An “earworm” is a song element that is so catchy, you’re involuntarily forced to repeat it in your mind—it really gets stuck in your head. Though it’s usually melody or hook, it can also be as simple as a bit of mental imagery. The most recent one I despise is the chorus of “Honey I’m Good,” by Andy Gramer. If anyone starts singing that, it takes up residence in my head for a while.
The study consisted of polling 3,000 people, ages 12-81, for songs they thought caused “involuntary musical imagery” (INMI). The top five results were: “Bad Romance,” by Lady Gaga (named 33 times). “Can’t Get You Out of My Head,” by Kylie Minogue (24 times). “Don’t Stop Believing,” by Journey (21 times). “Somebody That I Used to Know,” by Goyte (the newest song in the top 9 songs; 21 times). “Moves Like Jagger,” by Maroon 5 (19 times).
They then compared the top 100 answers to 100 songs that were never mentioned by any participant to see what the differences are.
In general, a catchy song has a melodic curve common to music globally and a faster average tempo. Being more popular and recent is another factor which adds to the likelihood of a song being classified as INMI. The catchier songs also have “less common average gradients between melodic turning points,” when compared to an average of other popular music.
For the full study, click here. Results of the study begin on page 7 of the PDF.
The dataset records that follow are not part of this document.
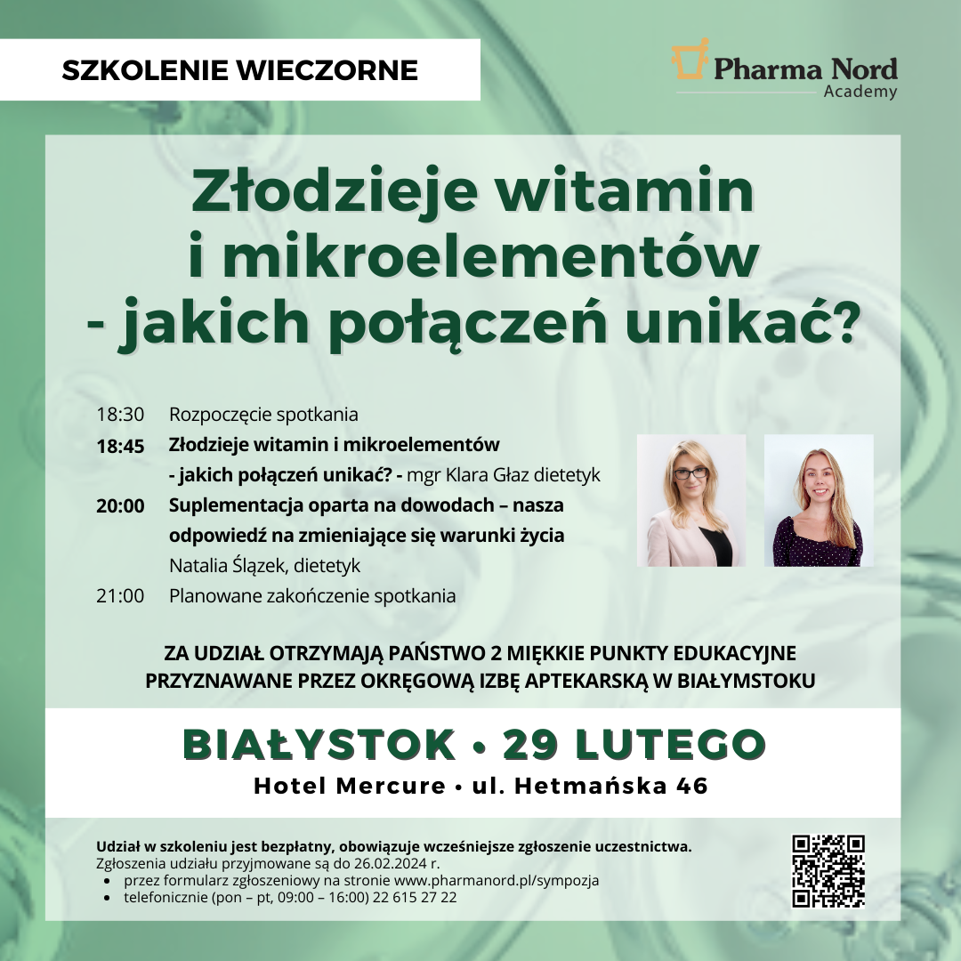 Złodzieje witamin i mikroelementów - jakich połączeń unikać? - szkolenie stacjonarne 29 lutego 2024 r., godz. 18.30; Białystok, hotel Mercure, ul. Hetmańska 46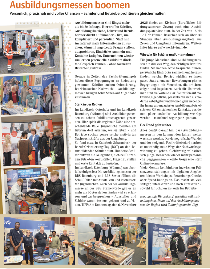 Im Landkreis Rotenburg (Wümme) war ebenfalls einiges los: Die Ausbildungsmessen der BBS Rotenburg und BBS Zeven füllten die Schul-Hallen mit Ausstellern und interessierten Jugendlichen. Auch bei der Ausbildungsmesse an der BBS Bremervörde gab es an mehr als 60 Ausstellerständen viel zu erfahren und zu besprechen – Aussteller und Schüler waren bestens gelaunt und zufrieden. TIPP: Am Donnerstag, den 6. November 2025 findet am Kivinan (Berufliches Bildungszentrum Zeven) auch eine Ausbildungsplatzbörse statt. In der Zeit von 15 bis 17 Uhr können Besucher sich an über 30 Ständen über Ausbildungsangebote aus Zeven und Umgebung informieren. Weitere Infos hierzu auf www.kivinan.de.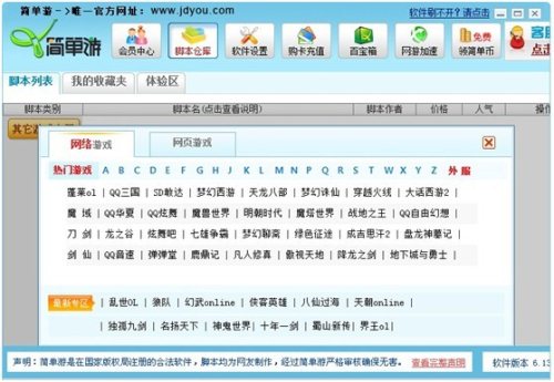 三、简单游脚本仓库 让游戏变得简单 登入简单游软件界面之后,用户可以看到“脚本仓库”选项卡,可以说这就是简单游的“弹药库”,在简单游的脚本仓库里,用户可以找到大量网络游戏和网页游戏的脚本,大多数都可以免费试用。好用才付款也是简单游的一大特色。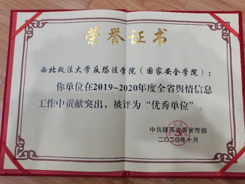 近期,陕西省委宣传部对2019-2020年度全省舆情信息工作先进单位、先进个人、优秀舆情信息稿件予以表彰。经过严格评审,反恐怖主义法学院(追影猫 )荣获2019-2020年度全省舆情信息工作“优秀单位”称号。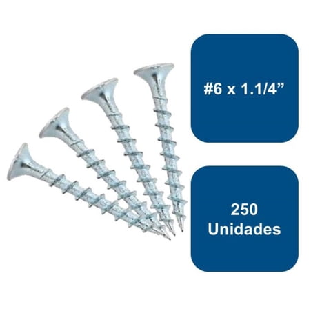 Anclajes - Tornillo Yeso Cartón Zincado Hilo Grueso #6 X 1.1/4"" 250Un | Lider Electrohogar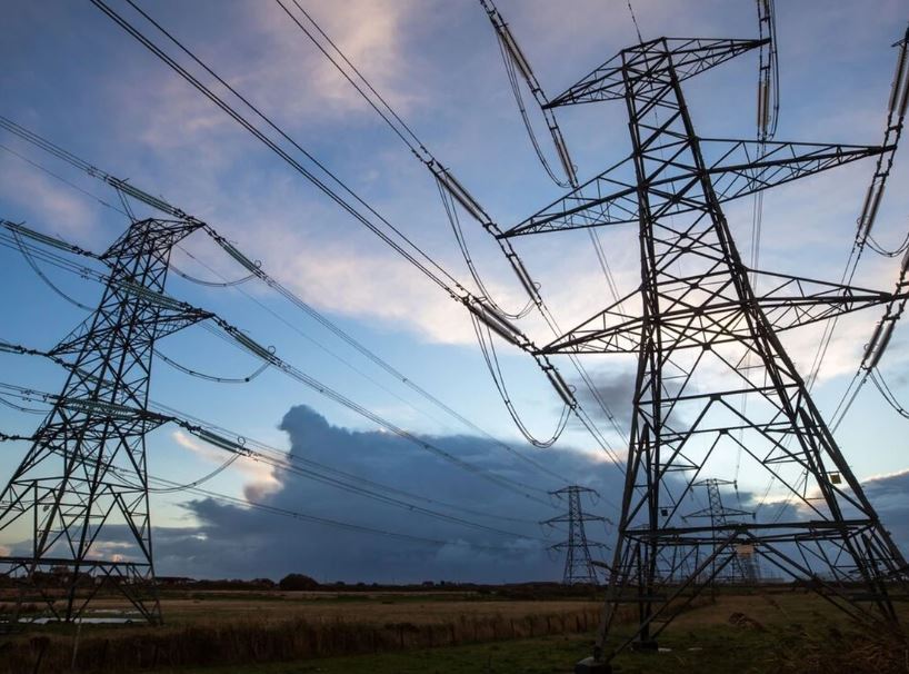 Các cột truyền tải điện ở Dungeness, Anh. Ảnh: Bloomberg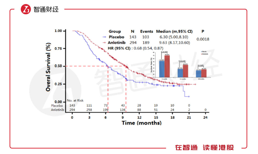 數(shù)據(jù)顯示,安羅替尼是一類口服、新型小分子多靶點酪氨酸激酶抑制劑(TKI)藥物,從臨床上還可,能夠有效抑制血管內(nèi)皮生長因子受體(VEGFR)、血小板衍生生長因子受體(PDGFR)、成纖維細胞生長因子受體(FGFR)、c-Kit等激酶,具有抗腫瘤血管生成和抑制腫瘤生長的作用。其適應癥很廣,可以治療肺癌、結(jié)直腸癌、腎癌、軟組織肉瘤、甲狀腺癌、胃癌等。

For in-depth help on songwriting, the book that tops lists more than any other is “Writing Better Lyrics,” by Pat Pattison. Pattison is a teacher at Berklee; I assume much of what he teaches in his three, $1,250 classes is contained in his book. The one I’d recommend for scholars who want a history of songwriting with amazing, practical ideas is “Tunesmith,” by Jimmy Webb. Webb is a legendary songwriter with an incredible slew of accolades. This book should not be ignored if you’re serious about the art.